And to be very honest, I just never quite understood it. Just like I do not understand the story of the old Jew from Odessa. Not really, not deep down.
I was telling the anecdote today to some of my students (I know, I know, I'm still sort of hanging around academia, but I like to think of myself as a very small grain of sand in the machine, and while teaching my students how to 'write clearly' in class, I spend all the breaks secretly attempting to make them into academic anarchists). And one of them said, 'had he known about Newton, the old Jew could just have read about it, and saved himself a lot of time. The result would have been the same.' And there it is. Right on the money. The result would have been the same. Maybe it is true, about the result. But whatever happened to the process? How can the knowledge acquired through reading a book ever be compared to the knowledge resulting from a process of years of thinking? Because only the result matters. How can this old Jew ever be seen as less of an original thinker than Newton? Because only the timing of the result matters. And when did thought, and knowledge, become equated with a random fixed stage in its development, i.e. the so-called result? On a black, black day, that's when.
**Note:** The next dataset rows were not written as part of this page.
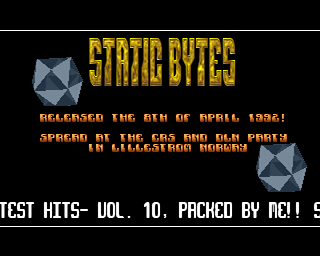 QUACKBUSTER BRINGS YOU -ALL TIME GREATEST HITS- VOL. 10, PACKED BY ME!! SPREAD IT! THE REASON WHY I AM HERE IS THAT I HAVE SOME INFORMATION ABOUT THE SUMMIT 92 PARTY! IT WAS SUPPOSED TO BE HELD BY US, REDNEX AND KEFRENS, BUT SINCE THE MAIN ORGANIZER, SLAMMER OF EX-REDNEX, JOINED UP WITH ANARCHY, THERE WONT BE SUCH A THING! SORRY! NOW THAT THIS IS DEALT WITH, I FEEL IT ONLY FAIR TO WARN YA... I AM IN A P S Y C H O T I C MOOD! THIS TIME MY HEADBANGER SCROLL IS CAUSED BY THE LIKES OF GUNS N ROSES AND NIRVANA! FURTHERMORE: MY MIND IS MENTALLY DISTURBED (NOTHING NEW?) DUE TO THE FACT THAT ME AND SLAMMER OF ANARCHY WAS OUT PARTYING YESTERDAY! ...AND I HAVE ONLY JUST GOT UP!!! SO THINGS JUST CANT GET BETTER... IN THIS SCROLLER WE HAVE SOME PROMINENT GUEST WRITERS! FIRST OF ALL, I AM GONNA WRITE SOME IDIOTIC, SENSELESS NONSENCE! (...OG SAA ER DET SLEMT! -ED) AFTERWARDS SLAMMER OF ANARCHY WILL BE ENTERTAINING YOU (? -ED) AND FINALLY WE WILL LET MARVEL OF STATIC BYTES WRITE SOME WISE WORDS (IGNORING THE FACT THAT HE IS SITTING IN NORWAY, MANY MILES AWAY!) LAST AND LEAST MY GREETINGS TO THOSE WHO DESERVE IT (AND THOSE WHO DONT) WILL FOLLOW... OK... VIDSTE I AT -RETALIATOR- PAA PC ER F...... HURTIGT!?! GLLP, SIGER JEG BARE! LETS HAVE BREAKFAST!!! TAKE IT AWAY, SLAM..... JA, TAK FOR AEREN RASMUS! HMMM, ESTRUPS KODE ER HMMMM INTERESSANT. JA MAN MAA JO SIGE AT DET ER MEGET INSPIRERENDE FOR EN KODER (SOM MIG) AT SE EN ANDEN KODERS SOVS. I LOVE YOUR SELF-ACTIVATING MOUSE, QUACK! IT IS NICE THAT YOU DECIDED TO USE THE REQ.LIB, EGGSTRUP (IT IS EASTER SOON! -ED). NOW I DONT HAVE TO RESOURCE YOUR CODE AGAIN (HEHE)! RASMUS TELLS ME THAT YOU ARE GOING TO NORWAY IN THE EASTER HOLIDAY. DUMDEDUM... I VIDSTE NOK IKKE LIGE AT JEG ER OPPE OG RINGE, SAA MAN SKAL ALDRIG SKRYGE FORDI FJUNKEREN FLISKLER NAAR GRUGLERET DRYKKER FRA ILDERYFSKREREN. FODSELSDAG BAGLAENS ER GADSLESDOF! (EH? -ED) GREETZ TO XIENCE. DU ER JO NOK ER SJOV FYR, HVA? ALSO GREETZ TO JONAS. SEND SAA DEN SATANS SJOVE SOVS! PIPSVANSEN/CRYSTAL: HVORFOR? HVEM? HVAD? GET OUTTA MY FACE, JERK? NIGGER-JUST: DU KORER BARE FOR SJOVT! AIRWALK: LAVER DU NOGET GFX TIL LE JOUX DE CHOUGE FRAICHE L.E.M? NU GIDER A IKK MER! HIT IT MARVEL! HELLO EVERYBODY! WELL, TO MAKE THIS SHORT, I WILL ONLY GIVE SOME WET KISSES TO MY BEST FRIENDS IN THE SCENE!! OK, HERE WE GO: -TMB DESIGNS OF SILENTS-: HEI PAA DEG, KAMERAT! VEL, KUUUL GFX DU HAR (JEG LIKER STILEN DIN!), OG JEG ER ABSOLUTT ENIG MED DEG AT VI SOM SPISER CORN FLAKES MAA HOLDE SAMMEN OG UTRYDDE FLATLUS... -ELMER OF SYMBIOSIS-: HELLO BUDDY! I JUST HAVE TO SAY THAT YOUR LETTERS ARE REALLY COOL AND LONG, AND I AM ALWAYS LOOKING FORWARD TO GET A NEW LETTER FROM YOU. BY THE WAY, YOUR GFX AND RAYTRACING ARE ABSOLUTELY STUNNING... -PROGEN OF ?SILENTS?-: SKAL JEG ORKE AT SKRIVE TIL DEG NAA DA?? NEI, DET GIDDER JEG IKKE. JEG KAN LIKE GJERNE RINGE DEG... -ZOOMAN-: NAA SITTER JEG HER OG HAR DET GOEY, HADDE DU VAERT HER HADDE JEG HATT DET ENDA GOEYERE, FOR DA KUNNE VI PRATE MED EN TOM POTETGULLPOSE (HEHE). -COKE-: HEI PAA DEG! KUUUL GRAFIKK JEG HAR SETT FRA DEG OG -DFF180-. JEG SER FRAM TIL AA MOETE DEG OG TOMMY! -CYPHER OF EOC 1999-: HELLO FRIEND! I HAVE A SUGGESTION!! WHY CANT WE TRY TO SEND TO EACH OTHER EVERY MONTH INSTEAD OF EVERY YEAR!! -ESTRUP OF STATIC BYTES-: HELLO MATE!! I JUST HAVE TO SAY IT!!! YOU ARE THE COOLEST CODER!! (...MEN MEST OM SOMMEREN! -ED) SEE YA! -QUACKBUSTER OF STATIC BYTES-: AAAAAH! HELLO FRIEND! I AM LOOKING FORWARD TO MEET BOTH YOU AND ESTRUP! YOU ARE BOTH COOL GUYS! (SO TRUE! -ED) -ACE-: WHEN ARE YOU GOING TO JOIN A GROUP??? EN TING DU MAA HUSKE: LABAN (OR ZABAN? -ED) SEIGMENN STREKKER SEG LITT LENGER!! -GONZA OF LSD-: YOU ARE A COOL SWAPPING PAL. WELL, I HAVE NOTHING MORE ON MY MIND TO SAY TO YOU! -MORTY OF EUROSWAP-: HEI PAA DEG MORTEN. JEG FAAR VIRKELIG UNNSKYLDE ALLE MINE DELAYER. JEG KAN IKKE LOVE AT JEG ALDRI KOMMER TIL AA VAERE TREG MERE, FOR DET LOEFTET VILLE JEG ANTAGELIG BRUTT. MEN JEG HAAPER IKKE DET GJOER DEG ALTFOR SINT AT JEG ER LITT TREG IBLANDT... -ELWOOD-: HEI PAA DEG MIN GODE VEN!! JEG GLEDER MEG TIL AA SE HVILKEN GRUPPE DU JOINER, HILSEN JOACHIM... -HELGE W. J.-: NAA... VEL... HVA SKAL JEG SKRIVE? JO!! NAAR SKAL DU JOINE EN GRUPPE??? -RAFIQ-: JEG SKJOENNER DEG MEGET GODT NAAR DU KJOEPTE EN C-64 FOR AA SPILLE -BOULDERDASH- (HAHA). SEE YA! -RAM-: MUSIKKEN DIN ER VIRKELIG BRA!! JEG KAN IKKE SI AT DU HAR FORBEDRET DEG, FORDI DU HAR IKKE LAGET NOE I DET SIDSTE!! HAAPER DU FORTSETTER MED AA LAGE MUSIK! -JACK-: WHAT THE FUCK SKAL JEG SKRIVE TIL DIG??? JEG KAN LIKE GJERNE PRATE MED DEG! -PLAYBOY OF STATIC BYTES-: HI! IT IS NICE TO HAVE EVEN ONE MORE COOL GUY IN STB AS MY FRIEND! I AM LOOKING FORWARD TO MEET YOU! WELL, THATS IT! CONTACT ME FOR SWAPPING GFX (LOOK ABOVE! -ED). BYE FROM MARVEL... LETS HEAR IT FOR THE GREETINGS... ADDONIC (AQUA, MAC), AGILE (FRED), ALCATRAZ (MICROPAL, CONTROL), AMAZE (THE HUSTLER), ANARCHY (SLAMMER, CONQUEST, PINNY), AWESOME (WONDERBOY), BRAINSTORM, BYTEBUSTERS (PROSECUTOR), CAPITAL (CHEAD), CRIONICS, CULT (CYBERSONIK, EASLEY, MR. MOUNT), CURACY (X-TRA), DELIGHT (DRAKE), DUAL CREW (VULCAN), EXOTIC MEN (ED-209), FRANTIC (TECHNOID), FUSION (OPTIMA), JOKER (PETERS), JUST, KEFRENS (HAWKEYE), MAJIC 12 (VECTOR), MELON DEZIGN OF CRYSTAL (HITHANSEN), MIDNIGHTSUN (SWANTTI), NOXIOUS (WINGER), PALACE (CASANOVA), PARADISE (BRUTUS), PIRATES (MANCHILD), PURE METAL CODERS (LONERIDER), RAM JAM (ACBS), REBELS (OMEGA, JANITOR), REDNEX (AIRWALK, JONES), REFLECT (DEVIL), SANITY, SCOOPEX, SERIOUS (TUBORG, LUNATIC, TOWIE), SILENTS (DARYL, RAVE), SUPPLEX (FRAP), S!P OF TRSI (WARHEAD), TEK (MAC), TEF (MR. BITE), TRSI (MICRONIX), VANISH (MASSIVE), VECTRA (MORRISON), VEGA (STYLE), VOICE (DEXTER), ZAPOTEK WRAP!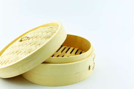 Bamboo steamer - container of bun , dim sum , steamed dumpling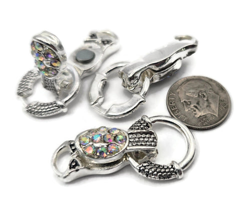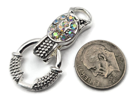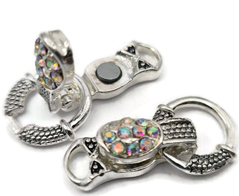*Cast in bright silver with Clear AB CZ rhinestones on the one end and a loop design for attachment as shown. 35 mm Long, 16 mm wide. With a strong magnetic closure.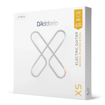 D'Addario Guitar Strings XS Nickel Coated Electric XSE0946 3P Maximum Life with Smooth Feel & Exceptional Tone For 6 String 09 46 Super Light Top/Regular Bottom, 3 Pack
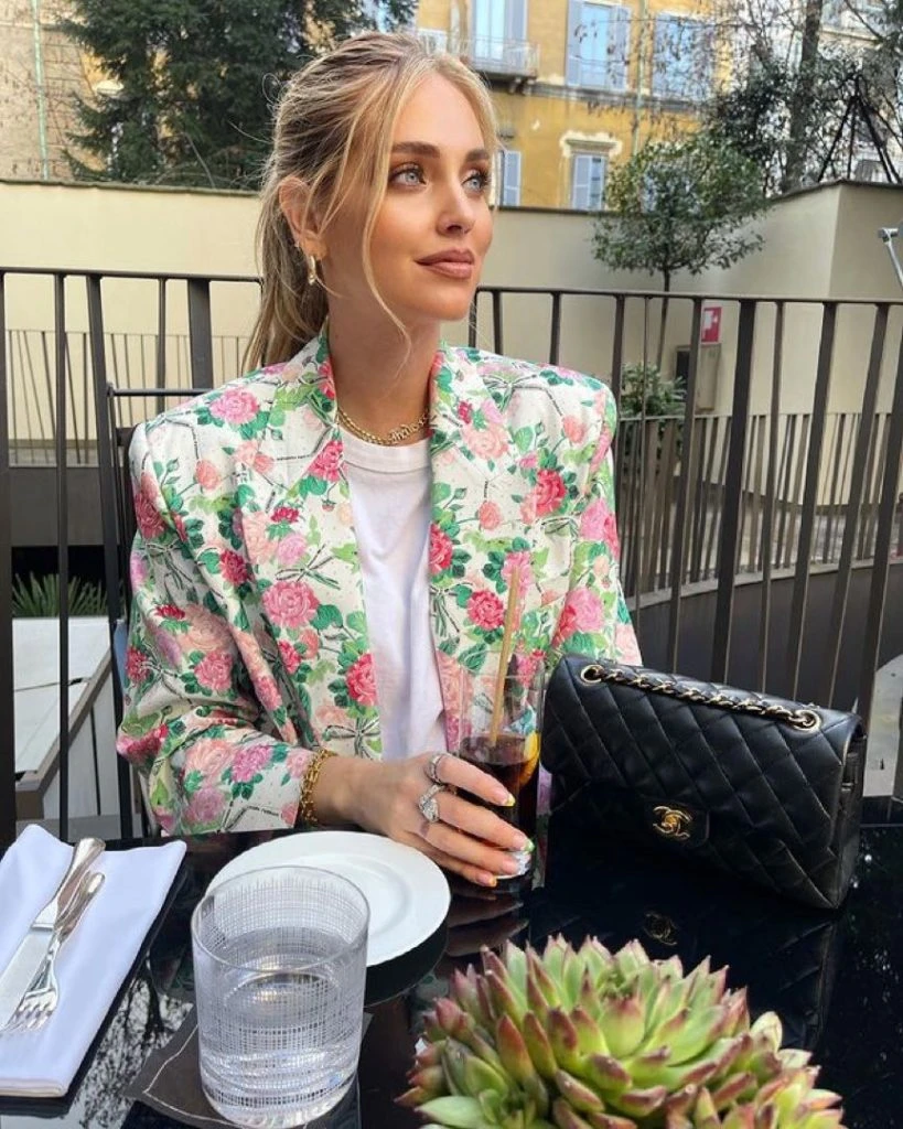 Chiara Ferragni lleva los tonos rosados y verdes de las rosas rococó en su blazer que es una de las prendas comodín por excelencia de esta temporada.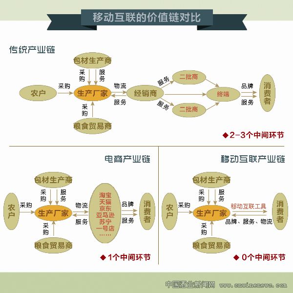 移动互联将真正实现企业与消费者最直接的互动,进而沉淀大数据。大数据时代已经来临,未来企业的竞争核心将来源于大数据。只有掌握大数据,才能真正准确、及时地把握消费者核心需求和需求变化趋势。甚至有人说,未来数据将是核心资产,有了数据就可以找到需求进而设计产品,有了产品设计就可以寻找生产供应商,企业完全可以实现高度轻资产化,整个产业价值排序将会被颠覆。如此一来,白酒企业能否做好电商关乎企业命脉。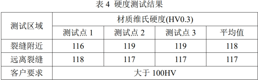 开裂外壳裂缝附近硬度与其他位置硬度无明显差异,均符合客户要求。
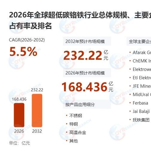 超低碳铬铁产品定义与市场概况 - 超低碳铬铁是一种碳含量极低的铬铁合金,属于要求最高、冶炼难度最大的精炼铬铁之一 [2] - 预计2032年全球超低碳铬铁市场规模将达到34.15亿美元,未来几年年复合增长率CAGR为5.5% [3] - 预计到2032年,全球市场规模将达到232.22亿元,2026年预计市场规模为168.436亿元,期间CAGR为5.5% [15][16] 全球主要生产商 - 全球主要生产商包括芬兰的Afarak Group、俄罗斯的ChEMK Industrial Group和MidUral Group、德国的Elektrowerk Weisweiler、土耳其的Eti Elektrometalurji、日本的JFE Mineral & Alloy、巴西的Ferbasa、印度的Jai Balaji Group以及多家中国公司,如抚铁集团、内蒙古亿力冶金等 [6][7][18] - 这些公司业务模式多为垂直一体化,涵盖从铬矿开采到铁合金生产的全链条,产品主要用于不锈钢和特种钢制造 [6][7] 产业链与供应链分析 - **上游**:主要为铬矿开采与供应,集中在南非、哈萨克斯坦、土耳其和印度等国,同时需要石灰、硅铁、电极、焦炭及大量电力等辅助材料 [8] - **中游**:为冶炼与精炼企业,通过铝热法、硅热法或AOD/VOD精炼工艺生产超低碳铬铁,产品通过金属贸易商和合金分销商进入全球市场 [8] - **下游**:主要为高端不锈钢、耐热合金和特种钢制造企业,应用于航空航天、核电设备、化工装备和高端机械制造等领域 [8] - 整体供应链具有资源集中度高、能源消耗大、与不锈钢产业联动性强的特点 [8] 市场驱动因素 - 核心驱动力来自下游高端不锈钢产业的持续升级,特别是全球(尤其是中国)对300系奥氏体不锈钢及双相不锈钢等高品质钢种的需求增长 [9] - 各国日益收紧的环保法规促使钢厂采用纯净度高的炉料以降低综合能耗与排放,巩固了超低碳产品的市场地位 [9] - 冶炼工艺进步(如大型封闭电炉与铁水预处理技术)使得规模化生产成本得到更好控制,增强了其经济性与供应稳定性 [9] - 新能源汽车、高端装备制造等新兴产业对高性能不锈钢的需求扩大,预计将长期驱动市场 [9] 市场阻碍因素 - 生产工艺复杂,对原料纯净度、设备及过程控制要求极高,导致生产成本显著高于传统产品,限制了其在成本敏感的中低端领域的应用 [10] - 市场需求完全依赖高端不锈钢(特别是300系不锈钢)的产量与景气度,易受宏观经济波动和建筑业等主要消费领域增长放缓的冲击 [10] - 生产技术壁垒高,碳含量的精确稳定控制需要深厚的技术积累,限制了众多中小型生产商的产能转向 [10] - 高品质铬矿资源的供应稳定性和价格波动会影响生产的连续性与成本可控性 [11] 行业发展机遇 - 下游高端不锈钢在新能源汽车、节能环保装备、氢能储运及特种化工等新兴战略产业的广泛应用,开辟了稳定增长的需求空间 [12] - 全球碳减排目标与环保法规持续推动钢铁产业链清洁化转型,从政策层面强化了对超低碳纯净原料的长期需求 [12] - 冶炼与精炼技术的持续进步(如更高效的真空精炼与智能化控制技术)正不断降低生产成本并提升稳定性,有助于拓宽市场应用基础 [12] - 全球供应链重塑背景下对关键材料自主可控的重视,为具备先进产能的企业带来了本土化发展的战略窗口 [12]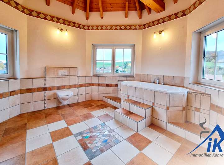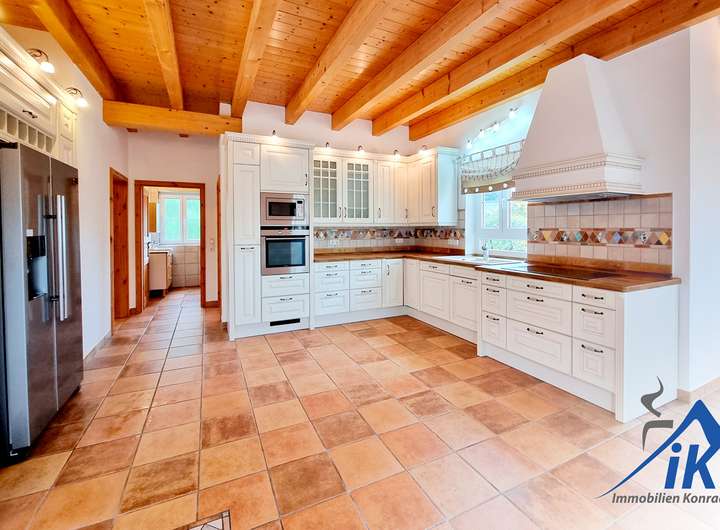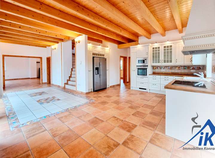 Hier bietet sich Ihnen die seltene Gelegenheit, in einer mediterranen Villa, mit vielen Holzelementen und einem offenen Grundriss zu leben. Trotz der Größe der Zimmer, versprüht das Haus eine angenehme Gemütlichkeit.
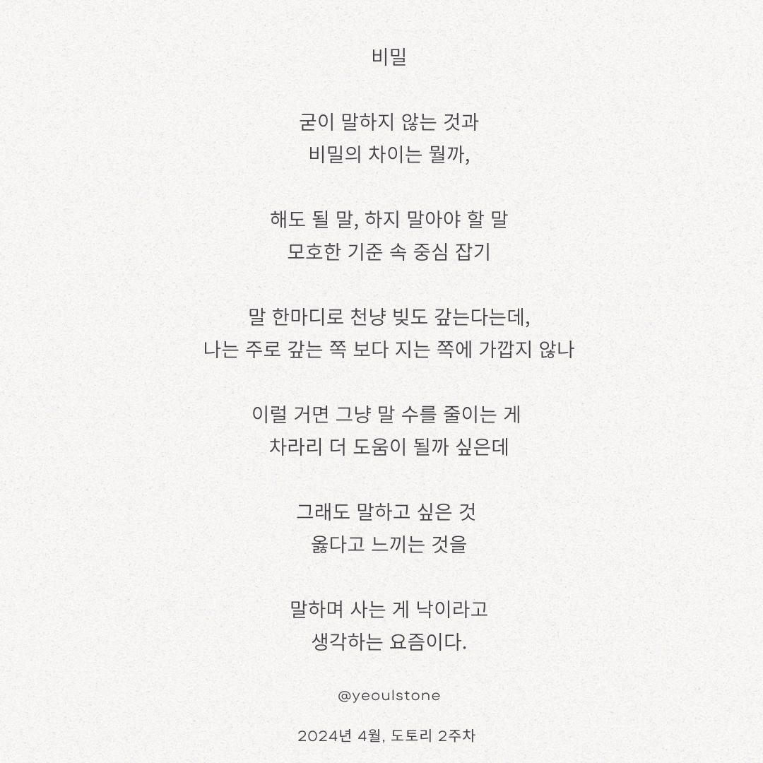 오늘은 <비밀> 의 마지막 글입니다.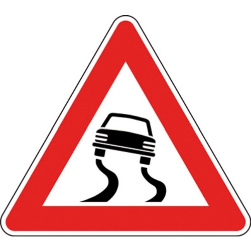 Presegnala un tratto di carreggiata che, in particolari condizioni, può presentare una superficie pericolosamente sdrucciolevole.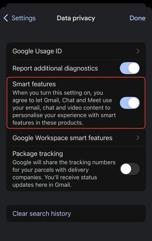 你知道 Gmail、Chat 和 Meet 可以访问你所有的消息和附件,并用它们来训练他们的 AI 模型吗? 更糟糕的是,你默认是选择加入的! 要在 Gmail 应用中选择退出,请前往设置 > 数据隐私 > 智能功能,然后关闭开关。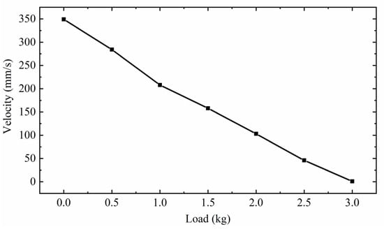 Figure 28 shows the relationship between the speed of the mover and the load capacity of the actuator. The applied voltage excitation is 150 V, 3.4 kHz. At this time, the actuator works in the high-frequency region of excitation, and the excitation amplitude is the largest, so the driving speed is the fastest. It can be seen from the figure that under no load, the speed of the mover is 348 mm/s. With the increase in load weight, the speed of the mover decreases gradually. Finally, when the load is 3 kg, the speed of the mover is close to 0. Therefore, the load capacity of the actuator is 3 kg. It is proved that the actuator has a high load capacity.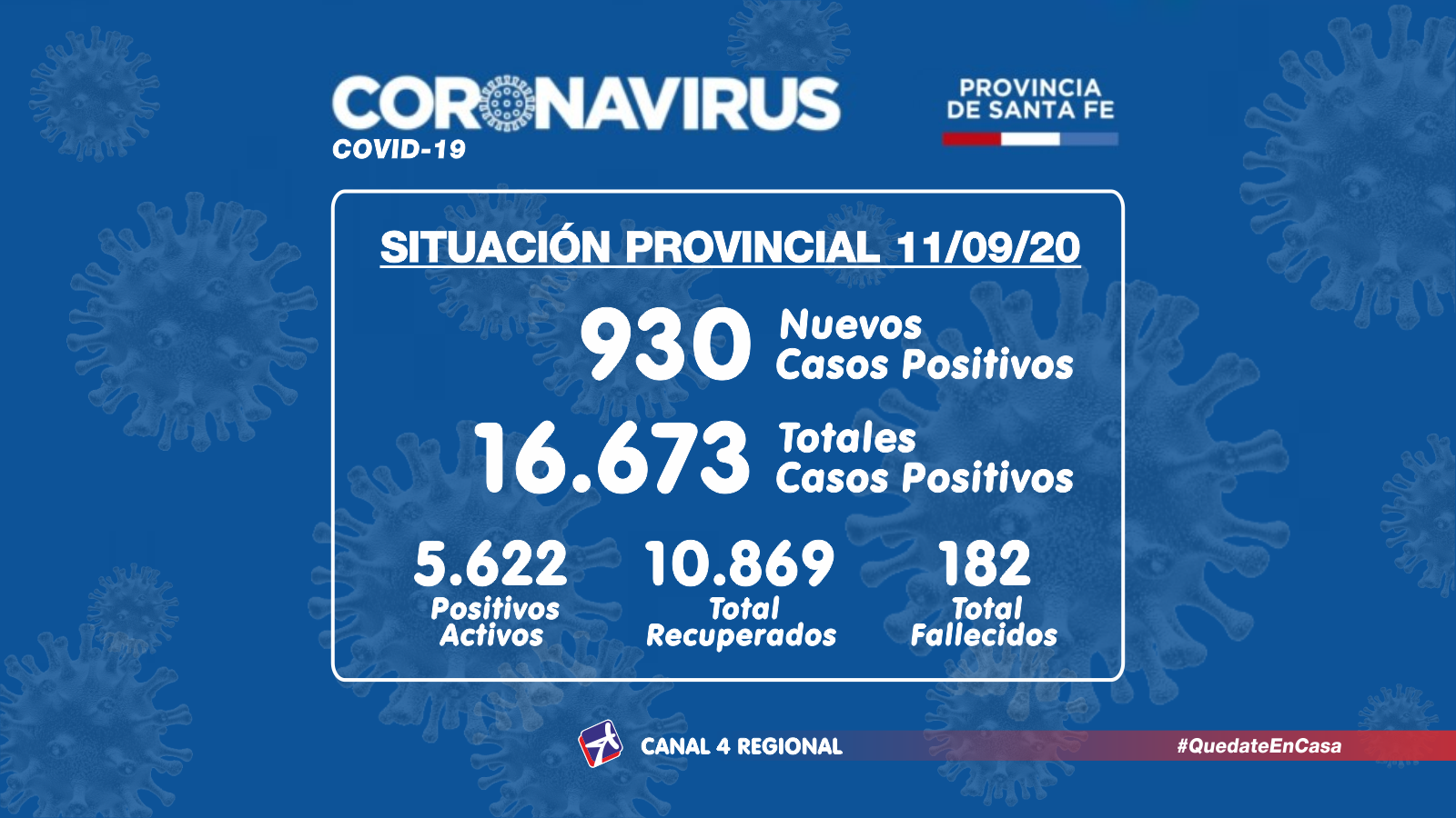 El Ministerio de Salud de Santa Fe, a través de la Dirección Provincial de Epidemiología, informa a la población que en el día de la fecha se han confirmado 930 casos nuevos de COVID-19, en el territorio provincial.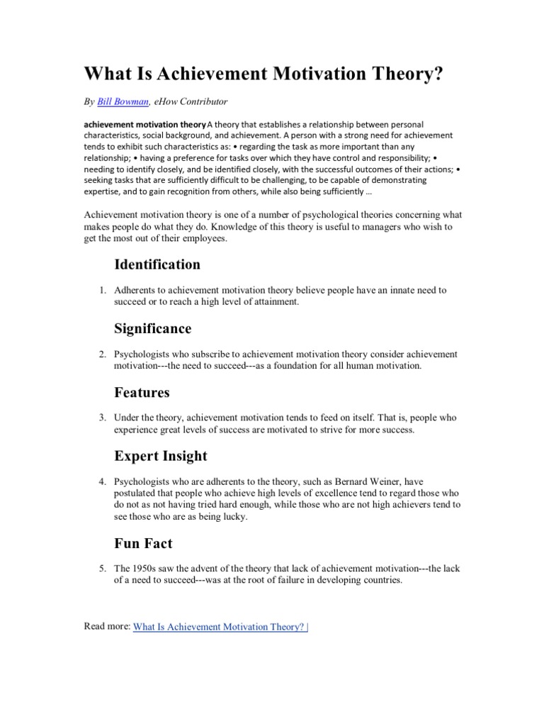 Study of achievement motivation in relation 163. They stated that a persons achievement oriented behavior is based on three parts. Three interacting factors that determine motivation are the main focus of goal theory.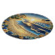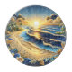 Set de table personnalisé. Représentation d'un coucher de soleil sur l'océan avec de jolies vagues bleues, une plage de sable, des palmiers et des fleurs faites dans un effet 3D étanche en papier.

I am no longer an academic researcher. And in the last few years, I have slowly but surely recaptured much of my joy in thought. I often fail to quote my sources, not out of rebellion but simply because my mind no longer makes the effort to record them. I just don't know where I get stuff. I don't know whether it came from me, or from you, or from some book I read. And I couldn't care less. I am delighted if you take my thoughts and makes them yours. They are bound to travel an entirely different path in your mind.
And if I ever have a good idea, and it then turns out some Newton already had this idea, either last week or many centuries ago, well, that just makes me happy. Both for myself and for the Newton in question. For the fun we both had. For our learning process.